I sat watching her. The shade from oaks and beeches dappled her face and short-sleeved white blouse, the fine skin of her throat. "How beautiful you are."
"Please don't say that," she said, looking down at her lap.
"I meant it only as a compliment, a respectful one. You're like a painting."
"That's idiotic." She crumpled up the napkins and aimed them into a wastebasket next to our bench. "No woman actually wants to be a painting." But when she turned back to me, our eyes met across the strange sound of what each of us had just said. She glanced away first. "Have you ever been married?"
"No."
"Why not?"
"Oh, a lot of medical school, and then I didn't meet the right person."
She crossed her legs in their jeans. "Well, have you ever been in love?"
"Several times."
"Recently?"
"No." I considered. "Maybe yes. Almost yes."
She raised her eyebrows until they disappeared under her short bangs. "Make up your mind."
"I'm trying to," I said as evenly as I could. It was like conversing with a wild deer, some animal that could start up and spring away. I stretched one arm across the back of the bench without touching her, and looked out into the park, the bends of gravel path, boulders, green hills under patrician trees, the people walking and biking along a nearby route. Her kiss caught me by surprise; at first I understood only that her face was very close. She was gentle, hesitating. I sat up slowly and put my hands on her temples and kissed her back, also gently, careful not to startle her further, my heart pounding. My old heart.
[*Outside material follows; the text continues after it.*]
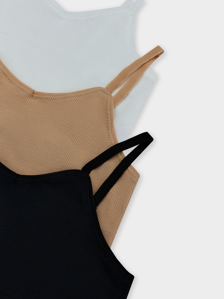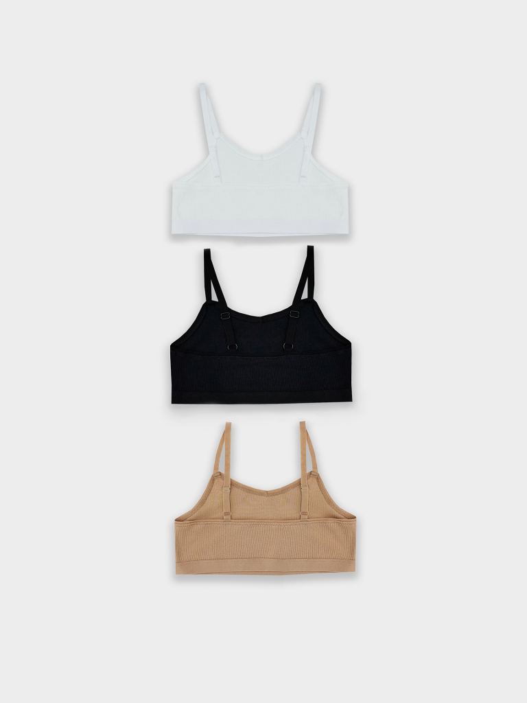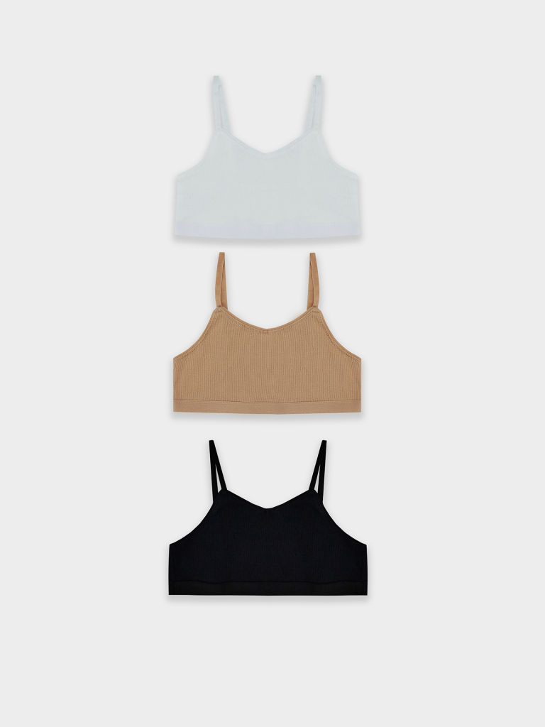 Хлопковое бюстье прилегающего силуэта для девочек. Выполнено из легкой и приятной к телу трикотажной рибаны. Вырез горловины и проймы окантованы эластичной тесьмой. На бретелях есть кольца-регуляторы. По нижнему краю бюстье расположена удобная и стильная жаккардовая тесьма. Идеально!

I knew that in a minute she would draw away, then lean against me and begin to sob without making a sound, that I would hold her until she was finished, that we would soon part with a more passionate kiss for our separate journeys home, and that she would then say something like, I'm sorry, Andrew -- I'm not ready for this. But I had the long patience of my profession on my side, and I already understood certain things about her: she loved to go out to Virginia for the day to paint, as I did; she needed to eat often; she wanted to feel in control of her decisions. Madame, I said to her, but silently, I observe that your heart is broken. Allow me to repair it for you.